In the year that had elapsed, Frenesi had met and married Zoyd and given birth to Prairie, none of which Brock had known about, none of which she volunteered when at last they were face-to-face again. The year before in Las Suegras, standing at the edge of a gas-station apron watching DL in the Camaro ascend to the freeway and vanish, rolling blind into her own future, Frenesi had considered calling Brock, going back into PREP. There was no way back to 24fps, or to the person she'd been—beyond any way to clear it she had set up Weed's murder and was in the federal law-enforcement files now and forever, shared with every last amateur cop groupie in the land, listed as a species her parents had taught her to despise—a Cooperative Person.
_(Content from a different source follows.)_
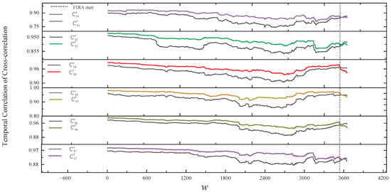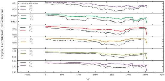 Here, c o v ( R i ( T , w ) , R j ( T , w ) ) represents the covariance between R i ( T , w ) and R j ( T , w ) ; δ ( R i ( T , w ) ) and δ ( R j ( T , w ) ) represent the standard deviations of R i ( T , w ) and R j ( T , w ) , respectively. Then, the time series of the cross-correlation of v i and v j can be represented by

“It's what you want, isn't it?” the dark apparition of Brock Vond questioned her from continental distance. “‘Forever,' isn't that supposed to be as romantic as it gets? Well, we can provide you with Forever, no sweat. What DOJ promises, we deliver.” Did he know what she wanted? Even have any right to say he did? Just because she didn't? As night fell, she'd wandered down to Phil's Cottonwood Oasis, which was a tavern with a motel in back, beside a darkening green piece of creek-bank crowded with Fremont cottonwoods, with a dance deck built out over the creek. She sat in front of a beer bottle and a glass and couldn't focus on anything, while twilight drinkers technically on the way home came drifting in, and motel occupants looking for supper, some famished, some quarreling, and then the Corvairs, billing themselves here as the Surfadelics.

As standard practice, just to get it over with, the band started off the set with “Louie Louie” and “Wooly Bully,” whether or not anybody wanted to hear these traditional favorites. By then Zoyd, in those days a generic longhair with a Zappa mustache and wire-rimmed yellow shooting glasses, casing the room, had spotted Frenesi, called one of his own compositions, taken the mike and the vocal.